#1 2014-07-16 11:40:32

Bacchus
Member
Registered: 2014-07-16
Posts: 5

Bug in SynCrtSock: TWinHTTP.InternalReadData, string or bytearray

I am using the latest ("trunk") SynCrtSock in a Delphi 6 application (client requirement, don't ask..) to make a connection to a JBoss-webservice. Some of this works but when I receive deflated data (i.e. CompressDeflate is registered) this fails with a "-3" error code, this seems to mean "invalid compressed data".
Some research reveals that in this case the compressed data contains a null-character (ascii-value = 0) that terminates a string somewhere in the middle. It seems to me that is is incorrect to use the datatype string to contain possibly binary data. This should be some kind of a bytearray (as is returned by winhttpreaddata).
I have not yet confirmed that using a bytearray instead of string works but will report if it does. Since I'm working on it on my client's time, I will not be able to post the code for the fix because of possible copyright-infringement.

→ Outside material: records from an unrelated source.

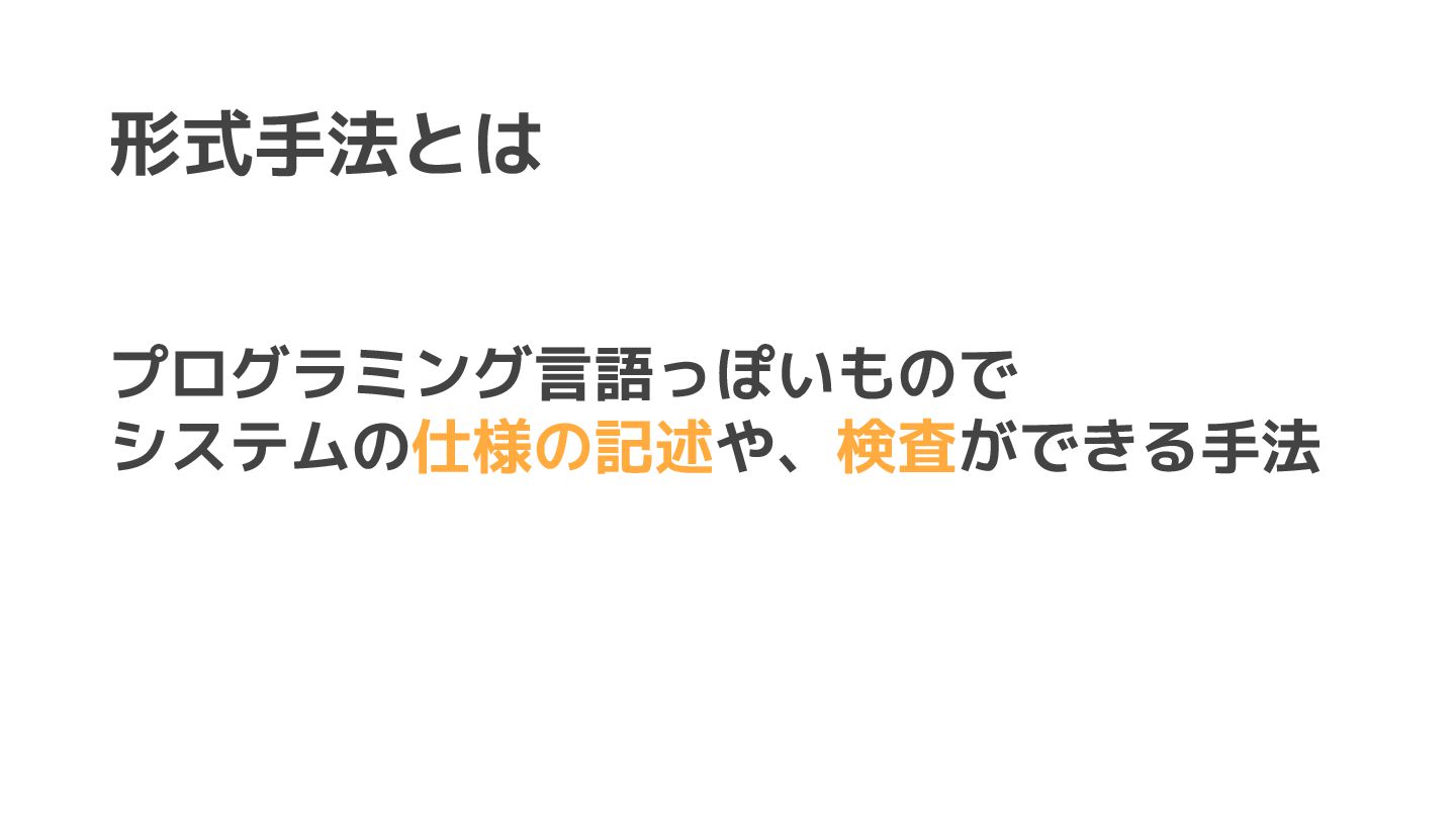 プログラミング言語っぽいもので システムの仕様の記述や、検査ができる手法 形式手法とは
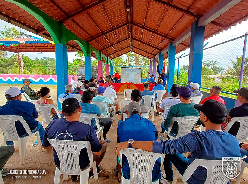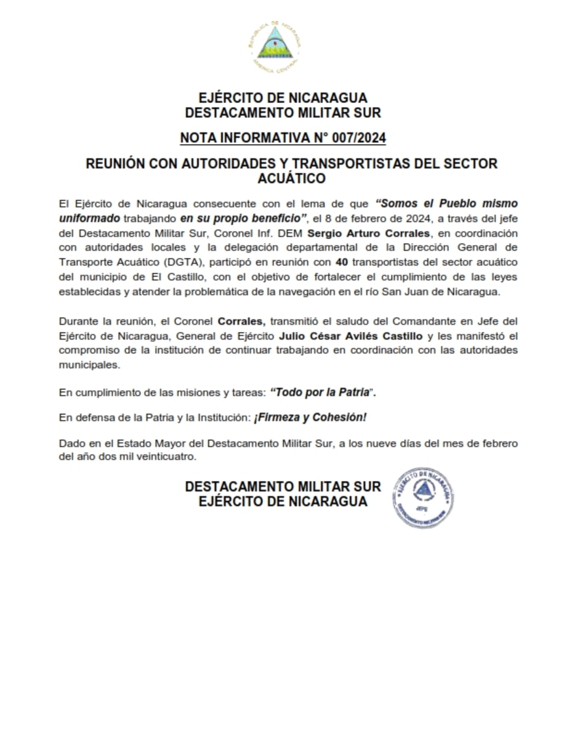 El Ejército de Nicaragua consecuente con el lema de que “Somos el Pueblo mismo uniformado trabajando en su propio beneficio”, el 8 de febrero de 2024, a través del jefe del Destacamento Militar Sur, Coronel Inf. DEM Sergio Arturo Corrales, en coordinación con autoridades locales y la delegación departamental de la Dirección General de Transporte Acuático (DGTA), participó en reunión con 40 transportistas del sector acuático del municipio de El Castillo, con el objetivo de fortalecer el cumplimiento de las leyes establecidas y atender la problemática de la navegación en el río San Juan de Nicaragua.
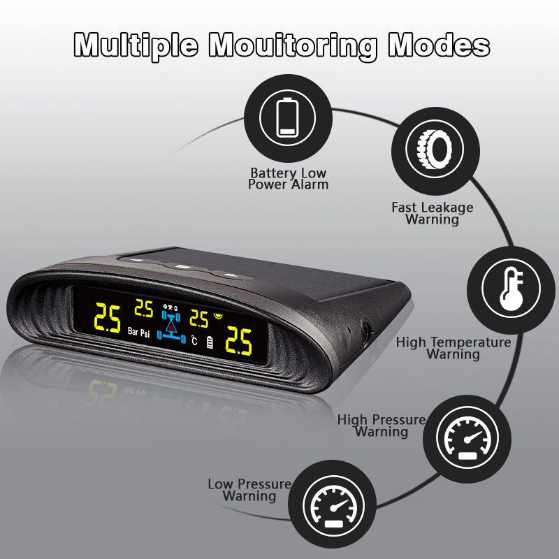 เครื่องตรวจสอบแรงดันลมยางรถ433.92 MHz ระบบ TPMS พลังงานแสงอาทิตย์

Last edited by Bacchus (2014-07-16 11:41:55)

Offline

#2 2014-07-16 12:52:40

ab
Administrator
From: France
Registered: 2010-06-21
Posts: 14,655
Website

Re: Bug in SynCrtSock: TWinHTTP.InternalReadData, string or bytearray

RawByteString just ignore any #0 in the middle of the string. It will use the string length stored as prefix.
I guess your issue is somewhere else.

We did not have problems with deflate here.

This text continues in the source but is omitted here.